A golfer gives a ball a maximum initial speed of 51.4 m/s.
(a) What is the longest possible hole-in-one for this golfer? Neglect any distance the ball might roll on the green and assume that the tee and the green are at the same level.
(b) What is the minimum speed of the ball during this hole-in-one shot?
The Correct Answer and Explanation is :
To determine the longest possible hole-in-one and the minimum speed of the golf ball during its flight, we can analyze the projectile motion of the ball.
(a) Longest Possible Hole-in-One
The range ( R ) of a projectile launched with an initial speed ( v_0 ) at an angle ( \theta ) is given by:
[
R = \frac{v_0^2 \sin(2\theta)}{g}
]
where ( g ) is the acceleration due to gravity (approximately ( 9.81 \, \text{m/s}^2 )).
To achieve the maximum range, the launch angle ( \theta ) should be ( 45^\circ ), because ( \sin(90^\circ) = 1 ), which maximizes the sine function.
Substituting ( v_0 = 51.4 \, \text{m/s} ), ( \theta = 45^\circ ), and ( g = 9.81 \, \text{m/s}^2 ) into the equation:
[
R = \frac{(51.4)^2 \times \sin(90^\circ)}{9.81} = \frac{2642.96}{9.81} \approx 269.31 \, \text{meters}
]
Therefore, the longest possible hole-in-one for this golfer, neglecting any roll on the green and assuming the tee and green are at the same level, is approximately 269.31 meters.

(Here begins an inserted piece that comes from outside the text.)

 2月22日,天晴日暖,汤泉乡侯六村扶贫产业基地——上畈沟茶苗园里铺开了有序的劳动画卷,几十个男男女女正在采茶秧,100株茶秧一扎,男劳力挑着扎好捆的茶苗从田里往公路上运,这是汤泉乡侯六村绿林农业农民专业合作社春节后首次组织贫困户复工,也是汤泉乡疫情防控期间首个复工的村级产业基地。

(b) Minimum Speed During the Hole-in-One Shot
During projectile motion, the speed of the ball varies, reaching its minimum at the peak of its trajectory. At this highest point, the vertical component of the velocity becomes zero, leaving only the horizontal component.
The horizontal component ( v_{0x} ) of the initial velocity is calculated as:
[
v_{0x} = v_0 \cos(\theta)
]
For ( \theta = 45^\circ ):
[
v_{0x} = 51.4 \times \cos(45^\circ) = 51.4 \times \frac{\sqrt{2}}{2} \approx 36.35 \, \text{m/s}
]
Thus, the minimum speed of the ball during its flight is approximately 36.35 meters per second, occurring at the peak of its trajectory.
Explanation
Projectile motion describes the behavior of an object launched into the air, subject only to the acceleration due to gravity. The trajectory is parabolic, with the object reaching its maximum height at the midpoint of its horizontal range.

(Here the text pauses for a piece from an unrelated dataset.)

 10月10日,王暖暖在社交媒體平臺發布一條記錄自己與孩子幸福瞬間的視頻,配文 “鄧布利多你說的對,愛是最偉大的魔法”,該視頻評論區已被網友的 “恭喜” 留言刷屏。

The range equation ( R = \frac{v_0^2 \sin(2\theta)}{g} ) derives from the horizontal and vertical components of the motion. The horizontal distance depends on the initial speed, the angle of launch, and the time the projectile remains in the air. By setting the launch angle to ( 45^\circ ), we optimize the product ( \sin(2\theta) ), achieving the maximum possible range for a given initial speed.
At the peak of the trajectory, the vertical component of the velocity is zero because gravity has decelerated the upward motion to a stop before accelerating it downward. At this point, the speed of the projectile equals its horizontal component, which remains constant throughout the flight (assuming no air resistance). This horizontal speed represents the minimum speed during the projectile’s flight.
Understanding these principles allows golfers and engineers alike to predict and optimize the distances achievable under ideal conditions.